- [EXTRACTED ENTRIES]:
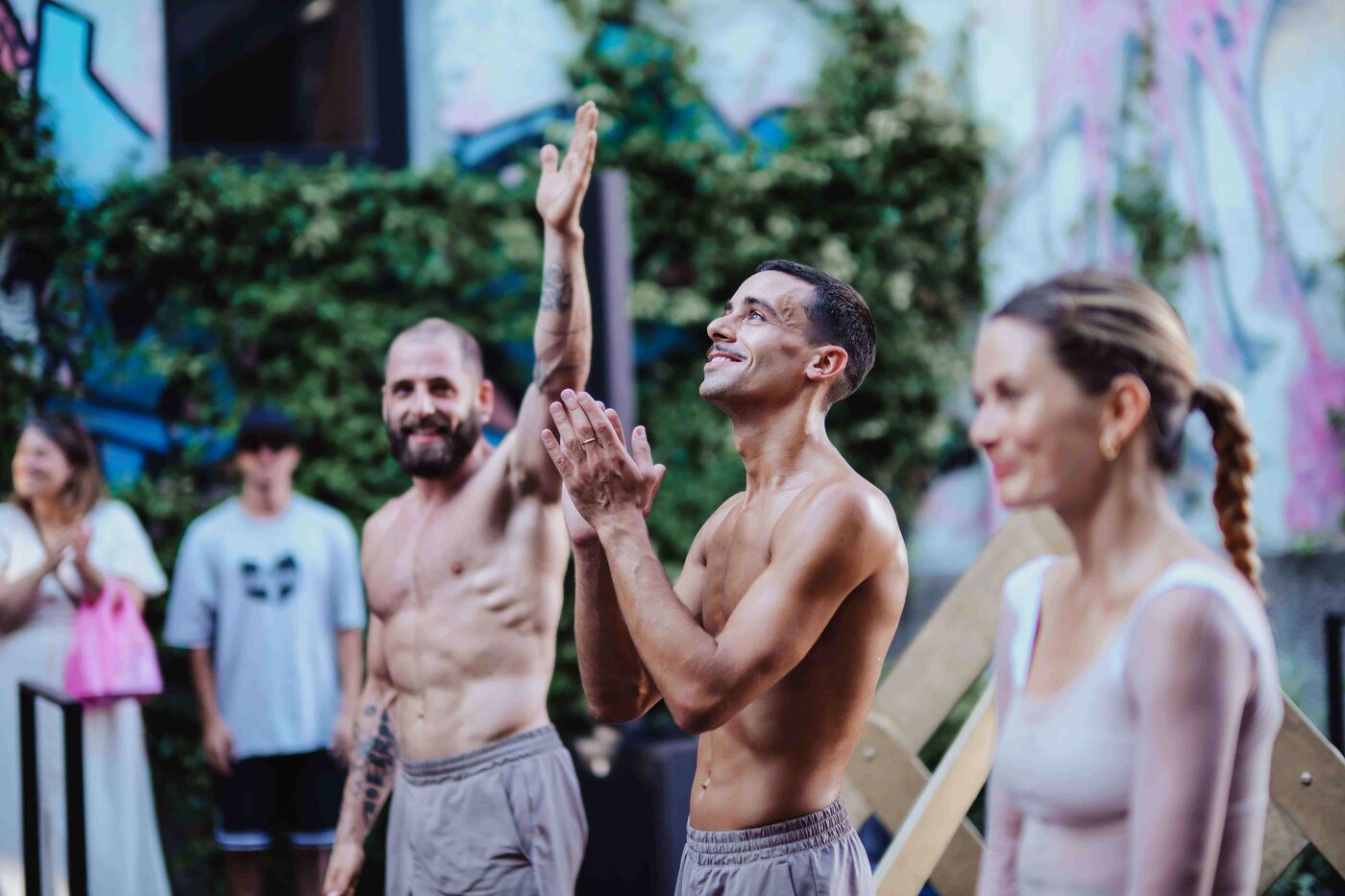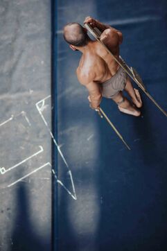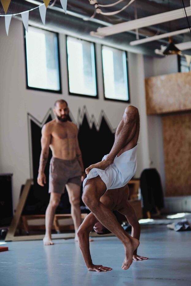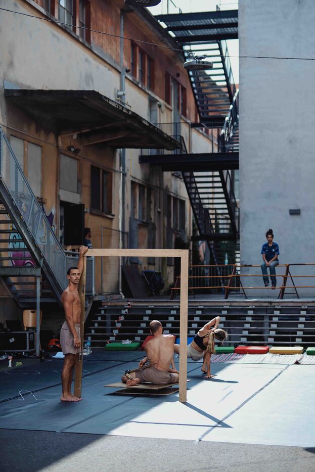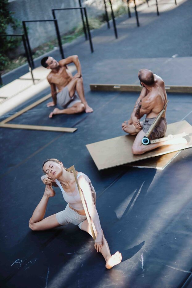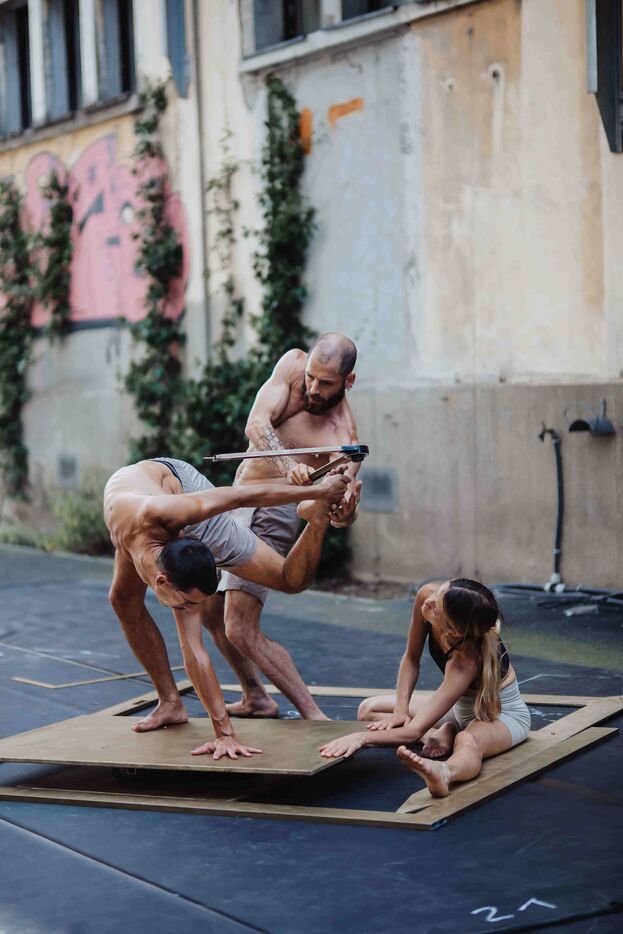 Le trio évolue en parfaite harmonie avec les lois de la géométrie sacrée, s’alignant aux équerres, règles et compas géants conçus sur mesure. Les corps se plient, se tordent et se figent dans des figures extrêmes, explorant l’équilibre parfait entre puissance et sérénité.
* * *
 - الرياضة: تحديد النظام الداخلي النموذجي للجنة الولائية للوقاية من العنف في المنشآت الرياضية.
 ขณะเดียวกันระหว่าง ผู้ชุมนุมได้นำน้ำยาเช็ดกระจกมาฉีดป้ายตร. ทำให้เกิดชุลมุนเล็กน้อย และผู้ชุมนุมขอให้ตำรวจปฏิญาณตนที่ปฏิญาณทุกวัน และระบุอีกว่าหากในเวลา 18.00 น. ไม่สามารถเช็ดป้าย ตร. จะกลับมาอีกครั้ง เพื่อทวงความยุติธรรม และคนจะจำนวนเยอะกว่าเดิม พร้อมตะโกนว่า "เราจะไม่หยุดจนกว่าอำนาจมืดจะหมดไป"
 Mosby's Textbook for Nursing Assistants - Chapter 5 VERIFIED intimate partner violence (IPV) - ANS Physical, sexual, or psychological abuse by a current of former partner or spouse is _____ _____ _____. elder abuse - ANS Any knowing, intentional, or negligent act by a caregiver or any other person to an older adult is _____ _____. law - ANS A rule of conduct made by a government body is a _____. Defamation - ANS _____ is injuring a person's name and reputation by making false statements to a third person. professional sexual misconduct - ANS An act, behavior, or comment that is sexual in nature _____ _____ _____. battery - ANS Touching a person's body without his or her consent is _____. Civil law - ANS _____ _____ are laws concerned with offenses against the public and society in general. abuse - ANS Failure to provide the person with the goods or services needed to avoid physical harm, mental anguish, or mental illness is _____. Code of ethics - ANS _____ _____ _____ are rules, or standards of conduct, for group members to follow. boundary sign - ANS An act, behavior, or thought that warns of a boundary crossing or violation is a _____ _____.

- [PROBLEM DESCRIPTION]: Of all the entries above, repeat only the lines from the line that has "- الرياضة: تحديد" to the line that has "และระบุอีกว่าหากในเวลา 18.00 น.", both lines included, exactly.

- [YOUR SOLUTION]:
 - الرياضة: تحديد النظام الداخلي النموذجي للجنة الولائية للوقاية من العنف في المنشآت الرياضية.
 ขณะเดียวกันระหว่าง ผู้ชุมนุมได้นำน้ำยาเช็ดกระจกมาฉีดป้ายตร. ทำให้เกิดชุลมุนเล็กน้อย และผู้ชุมนุมขอให้ตำรวจปฏิญาณตนที่ปฏิญาณทุกวัน และระบุอีกว่าหากในเวลา 18.00 น. ไม่สามารถเช็ดป้าย ตร. จะกลับมาอีกครั้ง เพื่อทวงความยุติธรรม และคนจะจำนวนเยอะกว่าเดิม พร้อมตะโกนว่า "เราจะไม่หยุดจนกว่าอำนาจมืดจะหมดไป"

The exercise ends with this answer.